Section 2.10 Securities Registrar; Paying Agent; Delegation of Trustee Duties
     (a) The Company appoints The Bank of New York, as Securities Registrar and Paying Agent with respect to the Junior Subordinated Notes.
     (b) Notwithstanding any provision contained herein, to the extent permitted by applicable law and subject to Section 6.1 of the Indenture, the Trustee may delegate to agents its duty to provide such notices and to perform such other duties as may be required to be provided or performed by the Trustee under the Indenture, and, to the extent such obligation has been so delegated, the Trustee shall not be responsible for any misconduct or negligence on the part of any such agent appointed with due care by it hereunder.
Section 2.11 [RESERVED]
Section 2.12 Limitation on Claims in the Event of Bankruptcy, Insolvency or Receivership
     Each Holder, by such Holder’s acceptance of the Junior Subordinated Notes, agrees that if a Bankruptcy Event shall occur in respect of the Company prior to the redemption or repayment of such Holder’s Junior Subordinated Notes, such Holder shall have no claim for, and thus no right to receive, any deferred interest (including compounded interest) pursuant to Section 2.5 that has not been paid pursuant to Sections 2.5 and 2.7 to the extent the amount of such interest exceeds the sum of (x) the first two years of accumulated and unpaid interest (including compounded interest thereon pursuant to Section 2.4(a) to the extent permitted by law) on such Holder’s Junior Subordinated Notes and (y) an amount equal to such Holder’s pro rata share of the excess, if any, of the Preferred Stock Issuance Cap over the aggregate amount of net proceeds from the sale of Qualifying Preferred Stock that the Company has applied to pay such interest pursuant to Section 2.7. Each Holder, by such Holder’s acceptance of the Junior Subordinated Notes, shall be deemed to agree that to the extent the remaining claim exceeds the amount set forth in clause (x), the amount it receives in respect of such excess shall not exceed the amount it would have received had the claim for such excess ranked pari passu with the interests of the holders, if any, of Qualifying Preferred Stock.

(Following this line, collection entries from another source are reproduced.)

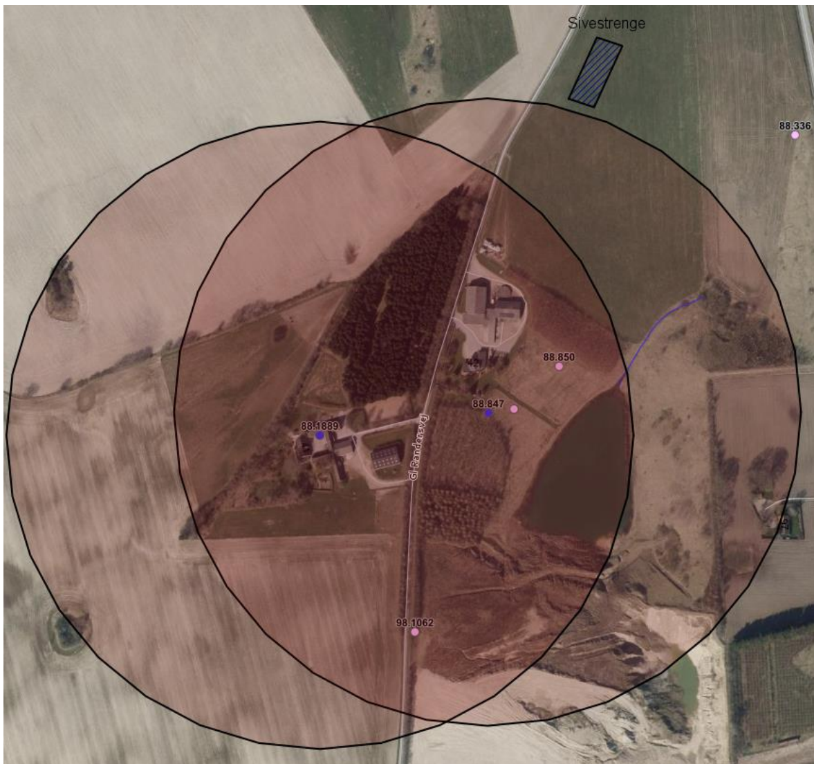
Figur 2 Placering af sivestrenge nord for ejendommen. De 2 runde rødlige zoner, viser 300 m zonen omkring vandboringerne i området.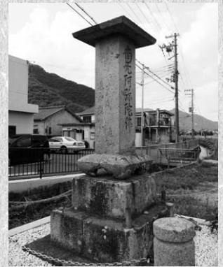
↑ 現在の大橋供養塔（井上） （山野里公民館から、大橋供養塔へは徒歩約20分）

この供養塔は、役場南、大持村土手上の旧渡し場対岸付近に置かれていましたが移され、現在は上郡中学校の跡地にのこされています。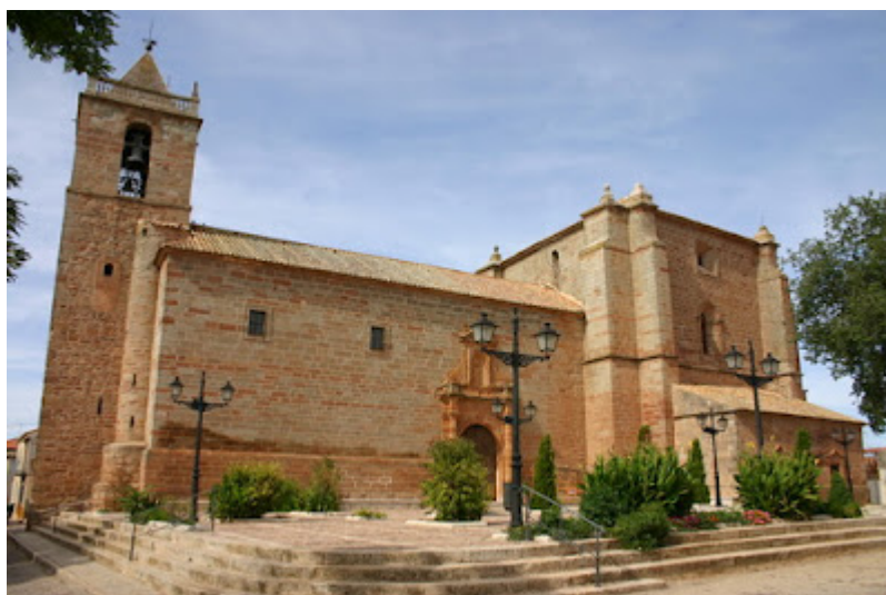
Iglesia Parroquial de Torre de Juan Abad. (Ciudad Real)

Villa de Santiago dentro del Campo de Montiel, con sus carrascas que resisten al frío invernal, de la misma forma que al calor del verano. Entre los arroyos y olmos se cobijan las liebres y las perdices, allí siguen criando y reproduciéndose entre tanto pasar y pasar de unos a otros los pleitos y las propiedades.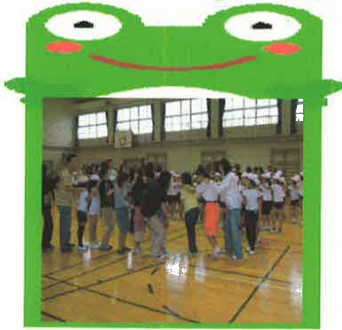
三年生 コミュニケーションゲーム

Section 2.13 Unconditional Right of Holders to Receive Principal, Premium and Interest; Direct Action by Holders of Trust Preferred Securities
     In addition to, and without limitation of, the terms of Section 5.8 of the Indenture, and notwithstanding any other provision in the Indenture, so long as any Junior Subordinated Notes are held by or on behalf of the Trust, any holder of the Trust Preferred Securities issued by the Trust shall have the right, upon the breach by the Company of its obligations under Section 2.2(a)(v) to issue Qualifying Capital Securities or under Section 2.7(a) to issue Qualifying APM Securities, to institute a suit directly against the Company to enforce such obligations or for such other remedies as may be available.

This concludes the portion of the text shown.